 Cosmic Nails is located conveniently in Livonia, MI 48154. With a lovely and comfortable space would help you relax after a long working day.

■ ■ ■ ■ ■ ■ ■

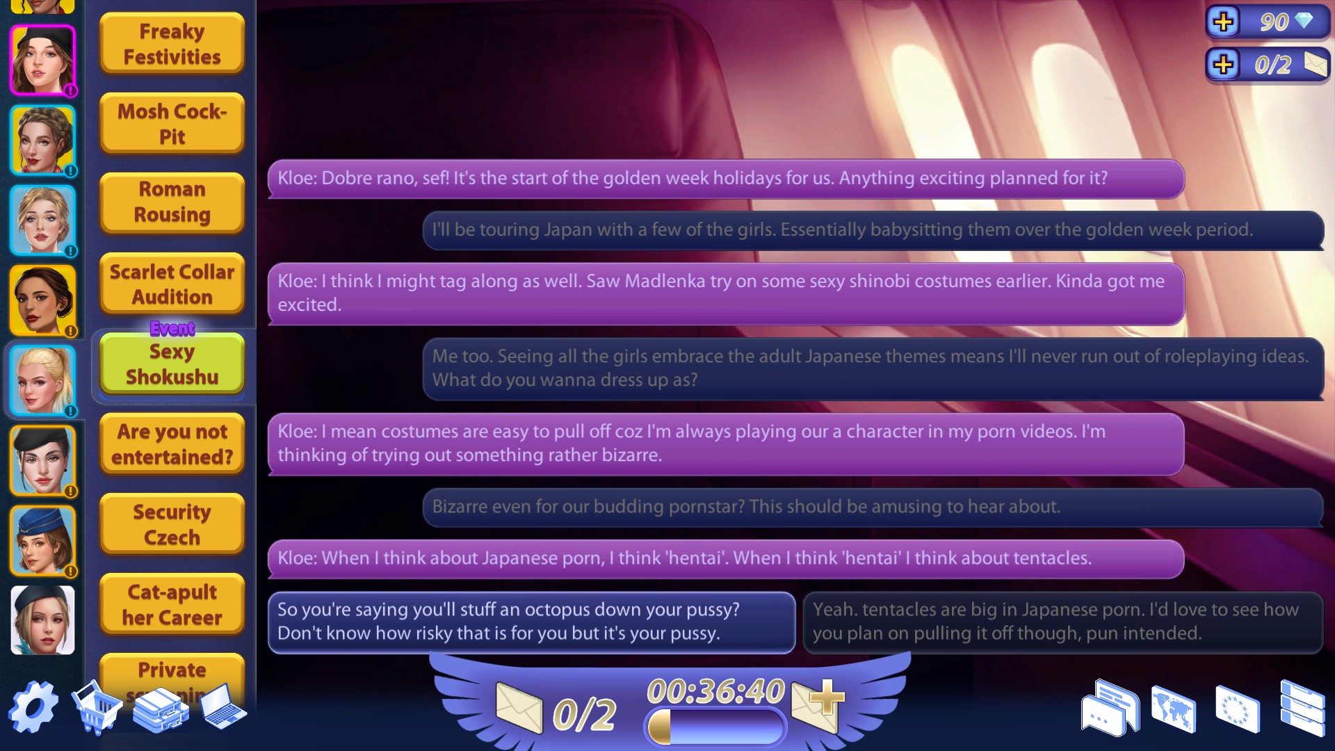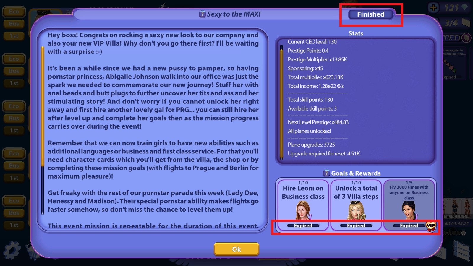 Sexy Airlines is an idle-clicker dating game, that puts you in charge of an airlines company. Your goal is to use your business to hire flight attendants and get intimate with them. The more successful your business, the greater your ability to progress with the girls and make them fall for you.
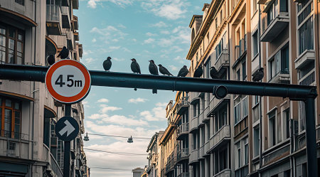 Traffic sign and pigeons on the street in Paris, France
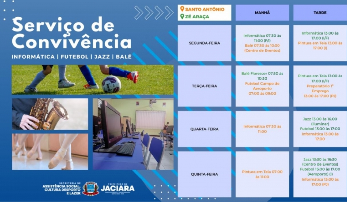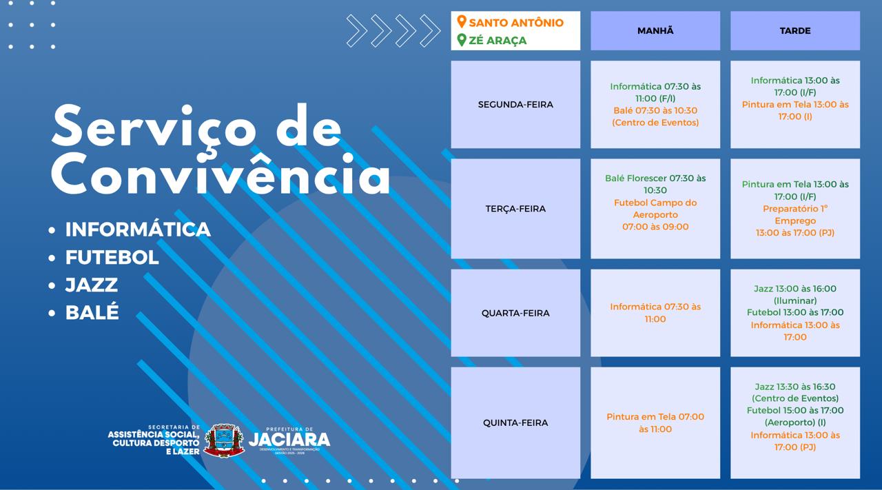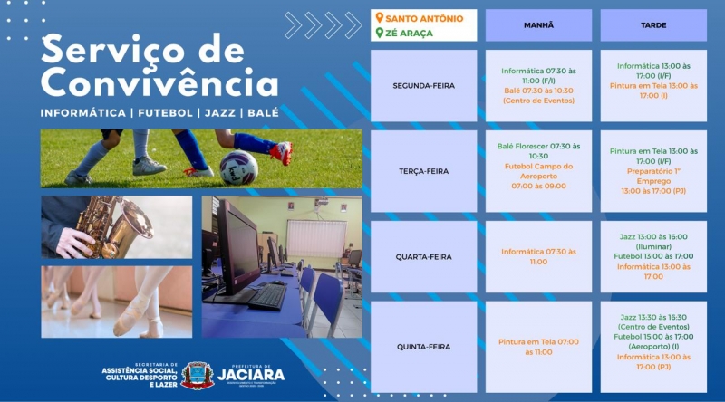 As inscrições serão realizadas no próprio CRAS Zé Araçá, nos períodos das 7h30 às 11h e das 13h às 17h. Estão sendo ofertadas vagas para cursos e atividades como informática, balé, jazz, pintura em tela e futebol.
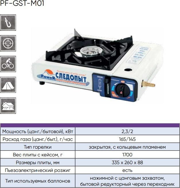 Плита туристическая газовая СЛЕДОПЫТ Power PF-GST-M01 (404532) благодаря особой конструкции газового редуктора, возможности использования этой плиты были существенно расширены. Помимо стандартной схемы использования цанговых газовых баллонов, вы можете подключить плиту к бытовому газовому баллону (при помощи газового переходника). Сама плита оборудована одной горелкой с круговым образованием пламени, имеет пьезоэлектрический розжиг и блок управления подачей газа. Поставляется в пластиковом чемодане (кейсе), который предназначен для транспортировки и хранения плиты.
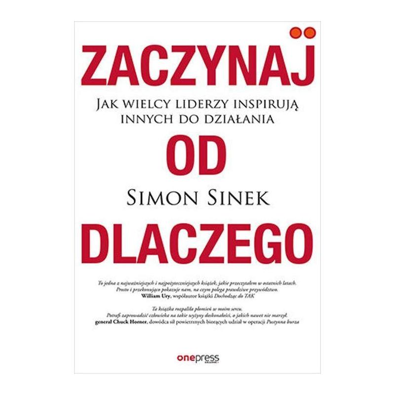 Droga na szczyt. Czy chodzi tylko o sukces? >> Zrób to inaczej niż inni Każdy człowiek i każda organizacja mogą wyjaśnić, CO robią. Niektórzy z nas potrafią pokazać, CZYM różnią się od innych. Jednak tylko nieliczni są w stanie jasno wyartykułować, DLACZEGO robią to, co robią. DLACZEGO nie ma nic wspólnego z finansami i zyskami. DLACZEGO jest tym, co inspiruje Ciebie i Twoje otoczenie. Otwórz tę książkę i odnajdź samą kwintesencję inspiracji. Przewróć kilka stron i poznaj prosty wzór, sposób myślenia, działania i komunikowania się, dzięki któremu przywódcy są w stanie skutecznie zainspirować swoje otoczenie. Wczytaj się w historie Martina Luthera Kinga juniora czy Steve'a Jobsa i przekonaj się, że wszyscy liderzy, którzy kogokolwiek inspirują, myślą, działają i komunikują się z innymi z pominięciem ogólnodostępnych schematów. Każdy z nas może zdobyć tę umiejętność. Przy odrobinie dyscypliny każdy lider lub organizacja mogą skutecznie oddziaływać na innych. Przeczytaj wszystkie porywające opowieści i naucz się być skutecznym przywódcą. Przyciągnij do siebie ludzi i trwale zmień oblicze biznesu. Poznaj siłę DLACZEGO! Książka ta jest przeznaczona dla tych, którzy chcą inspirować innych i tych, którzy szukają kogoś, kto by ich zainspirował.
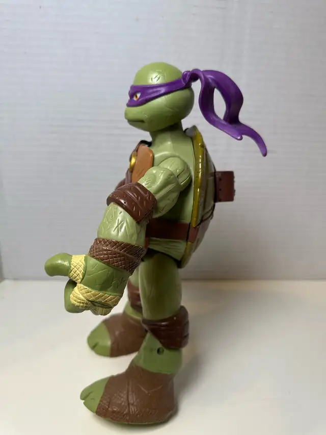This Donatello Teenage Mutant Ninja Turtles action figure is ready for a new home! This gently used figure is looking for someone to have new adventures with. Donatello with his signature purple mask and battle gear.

■ ■ ■ ■ ■ ■ ■

• ASSIGNMENT: Within the listing above, the lines from the one with "Sexy Airlines is" through the one with "Traffic sign and" are to be given again word for word. Do not include pictures.

• WRITTEN RESPONSE:
 Sexy Airlines is an idle-clicker dating game, that puts you in charge of an airlines company. Your goal is to use your business to hire flight attendants and get intimate with them. The more successful your business, the greater your ability to progress with the girls and make them fall for you.
 Traffic sign and pigeons on the street in Paris, France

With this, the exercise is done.